As loyal readers probably know, Bank of America has been having problems of late, owing to its serial awfulness and constant mistakes. As Bloomberg reported in October, the beleaguered bank was ranked the "lowest in a 24-bank survey of small business customer satisfaction from J.D. Power and Associates." And recently it achieved the distinction of being named the country's second-worst company by Consumerist.com after BP Plc, the firm blamed for the worst U.S. offshore oil spill.
So, what's Bank of America to do? Well, it could make a company-wide commitment to offering better customer service and undertake a systemic reform of its business practices. But instead, the bank hired Malcolm Gladwell as a shill and put him in front of small-business owners to get 'em all riled up.
According to a press release, Bank of America delivered "quality education and actionable advice to small business owners in various markets throughout the country." At these meet-ups, which "attracted close to 200 small business owners in Los Angeles, Dallas and Washington, D.C.," Gladwell was the closing act for a moderated "panel discussion on relationship capital." All of which sounds like a furtive stab of pre-crash nostalgia. In fact, the notion of having Malcolm Gladwell provide happy talk for the banking industry channels the year 2006 so hard that it's amazing this guy wasn't invited back to reprise his U2 karaoke act:
Gladwell, of course, is best known as the author of The Tipping Point and Blink, the latter book being a treatise on how "spontaneous decisions are often as good as -- or even better than -- carefully planned and considered ones." It seems pretty clear that Bank of America has fully embraced this premise in its foreclosure practices, which is a big part of the reason why the bank's brand has taken a beating in recent years.
But concerns that Gladwell's teachings don't exactly pair well with the current state of the banking industry and what we've learned about the practices that nearly brought the economy to a crashing halt in 2008 don't end there. As Chris Lehmann wrote in his book Rich People Things:
Regardless of whether Gladwell is describing the way we actually behave and absorb new ideas and social trends, he is clearly offering a very appealing picture of how his readership wishes the world works. The chief hero in his work is the intuitive manager -- a new millenial upgrade of the plucky upward-striving protagonists in the Gilded Age fiction of Horatio Alger. But where Alger stressed the character-building individualist virtues of thrift, hard work, and self-sacrifice -- themselves already endangered traits in the new industrial order of the robber baron age -- Gladwell is preaching an entirely consumption-driven model of the gospel of success. The idea in his market fables is not to light out for new economic territory with grit and invention; it is, rather, to establish a mystical bond with market forces and to surmise how the market most wants you to behave.

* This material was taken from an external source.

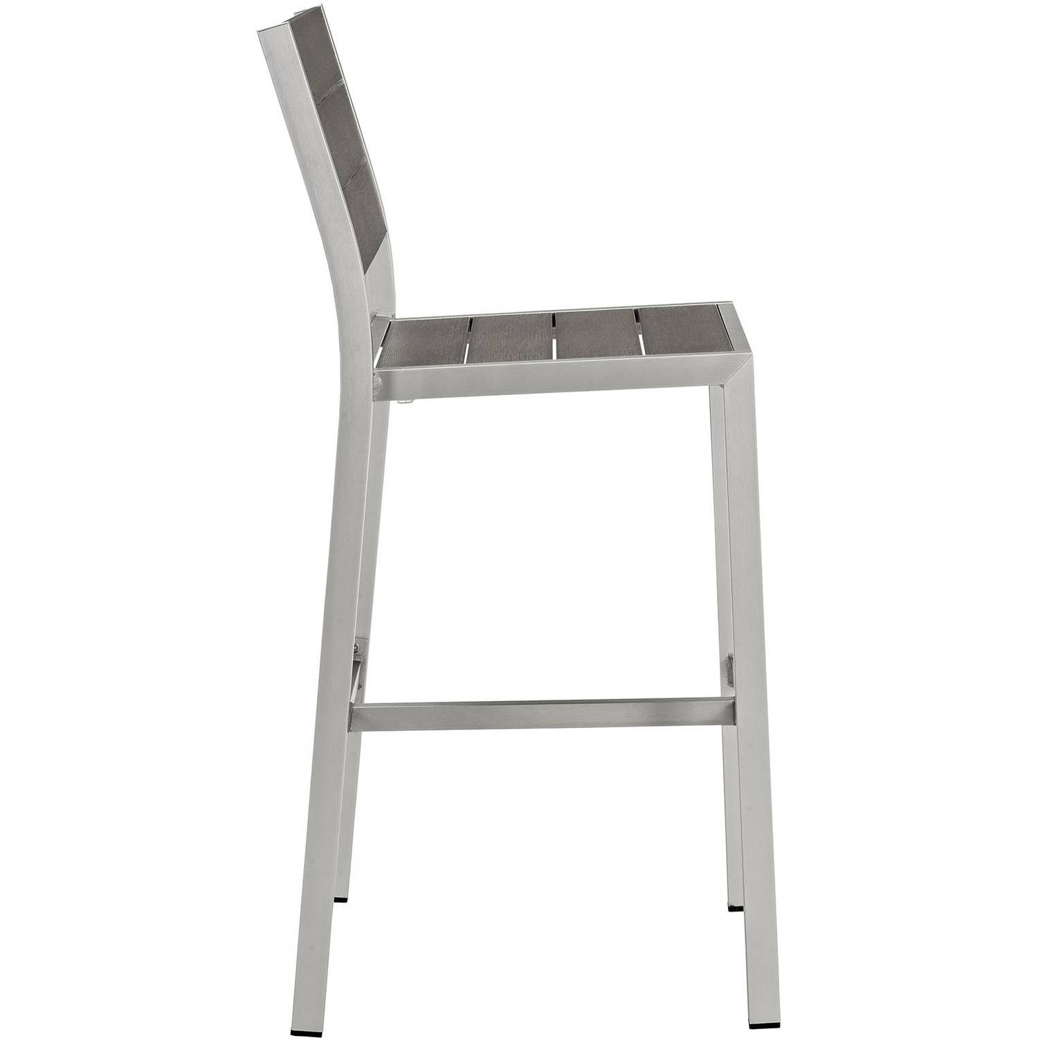 Enjoy your patio or backyard leisure time with the strong and durable Shore Outdoor Patio Armless Bar Stool. Made with an anodized brushed aluminum frame, sturdy footrest, and non-marking black plastic foot caps, Shore Patio Armless Bar Stool features tone-on-tone grays with wood accents on the paneling for a chic and minimalist look. The Shore Outdoor Bar Stool complements your casual gatherings with the versatility you’ve been looking for in a patio bar stool.Modern Outdoor Bar Stool

Yeah, you know, given the fact that U.S. taxpayers donated several trillion dollars to failed banks under the (apparently fraudulent) premise that they would "light out for new economic territory" and begin lending money to the productive side of the economy again, thereby stirring the economy from its recession-induced torpor, it doesn't exactly fill me with confidence to hear that Bank of America is pimping out an author who'll only reaffirm its faith-based belief in the infallibility of the quantitative models it believed provided a risk-free environment in which to sell synthetic crap-derivatives to everybody.
In short, if heaven is a place where horned demons are laying the foundation for a "Gymnasium of the Damned" for Jerry Sandusky in bottomless pools of red-hot magma, then Gladwell and Bank of America are a match made in it.